Allah has chosen you for a great task ahead. He has honoured you with continuing the Holy Prophet’s ummah. But these are not usually the dominating thoughts when you are pregnant, right?
The hormonal imbalance coupled with mood swings, frequent urination, headaches and back pain do not make pregnancy a good experience to cherish. Well, the truth is, you can choose to make pregnancy the most memorable and productive experience of your life, or you can spend it whining and crying.
Below are few tips to make pregnancy a joyous and productive experience of life, In sha Allah.
But before I jump into the tips, I invite you to bear in mind that there are four dimensions of human beings. We have a soul, a heart, a mind and a body which corresponds to our four basic needs: spiritual needs, emotional needs, mental and physical needs. In order to enjoy a productive and peaceful pregnancy in true sense of the words, these needs must be in harmony with each other.
- Involve your partner in everything you do. Learn together and grow together. It’s very important for a father to play an active role in a pregnancy in order to be able to strongly bond with his child.
- Tell people what sort of cooperation you expect from them (ignoring your mood swings, making you feel good).
- Hang out with POSITIVE people who boost your morale and help you sail smoothly through your pregnancy.
- Keep yourself busy. Don’t leave your normal activities unless extremely necessary. The busier you keep yourself, the lesser you’ll have the time to fret over pregnancy gloom.
- Lead a goal oriented life. Set small targets with your husband and rejoice and celebrate when you achieve them (reading a book together, exercising etc.) Then set a new goal and repeat the cycle.
Tips to Meet Your Mental Needs
- Educate yourself. You must read books or articles, attend programs, and listen to informative lectures to educate yourself about pregnancy and how to overcome its challenges. It is similar to knowing the depth of the swimming pool before diving in. It will save you a lot of trouble.
- Talk to an experienced person. It could be your friend or your sister. Some things you would want to take from their experience. And there would be other things you would want to do differently.
- A depressed mom is equal to a depressed child. Remember depression is the recipe for destruction. Researches tell us that a mother’s depression retards the normal growth of a child and affects his/her memory and learning later in life. It also leads the child to become fearful. So as you can see, a mother’s depression has a far reaching effect.
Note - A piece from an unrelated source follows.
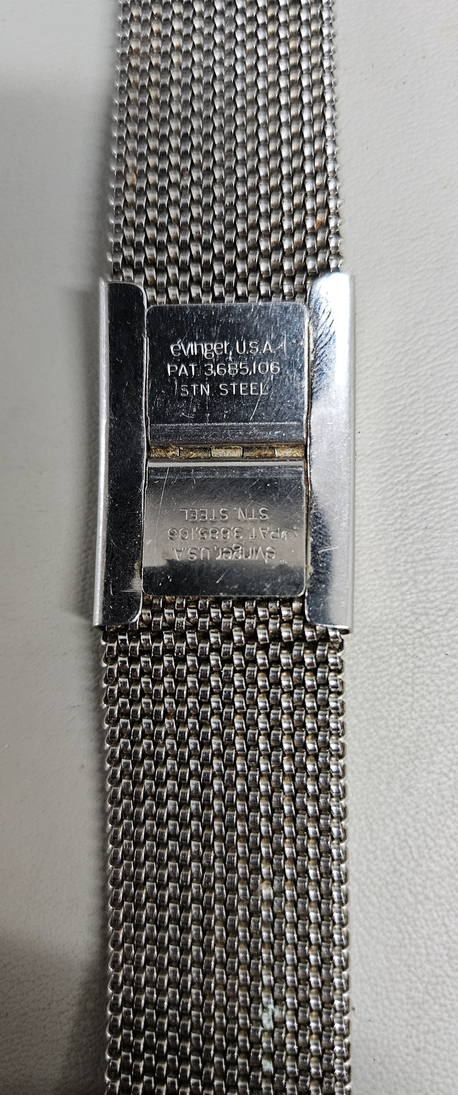 It came with an Evinger expanding bracelet that was unfortunately broken. If anyone has a lead on a replacement, I would also be interested.
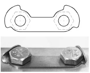 Cotter / split pins and lock plates that mate with a side of the fastener hex are rule abiding positive locking features. However keep in mind the important benefits of clamp load noted previously in this chapter. Standard castellated nuts and traditional locking tab plates are set up to engage a hex every 60 degrees. 60 degree increments are much too course to control the torque and clamp load on a fastener. If you are going to use these features and expect to control clamp load, then you need to get creative and provide a locking feature that mates to the torqued fastener position and not have the fastener angular position set by the locking feature. Figures #30, 31, and 32, show examples of positive locking features. Figure #32 shows a locking plate with tabs that wrap around the bolt head more than a single flat of the hex. This allows the locking tab to be bent up at whatever position the tightened bolt head ends up.

Your mental condition affects the mental condition of your child. So if you’re feeling down, make extra effort to find reasons to be happy. Be a persistent positive thinker and ask people around you to help you think positively.
- Resolve stress quickly. Stress produces a hormonal called catecholamines which affects the nervous system of the baby.
- Read out loud to your baby. It will instill reading habit in the baby later in life. You might need to buddy up with your partner in developing this habit. Let mom read to the baby sometimes, and sometimes let dad do the job.
Tips to Meet Your Emotional Needs
Prenatal researchers believe that there is some link between a mother’s thoughts and feelings and how her baby feels, and that from six months on a pre-born baby can share mother’s emotions via the hormones associated with them.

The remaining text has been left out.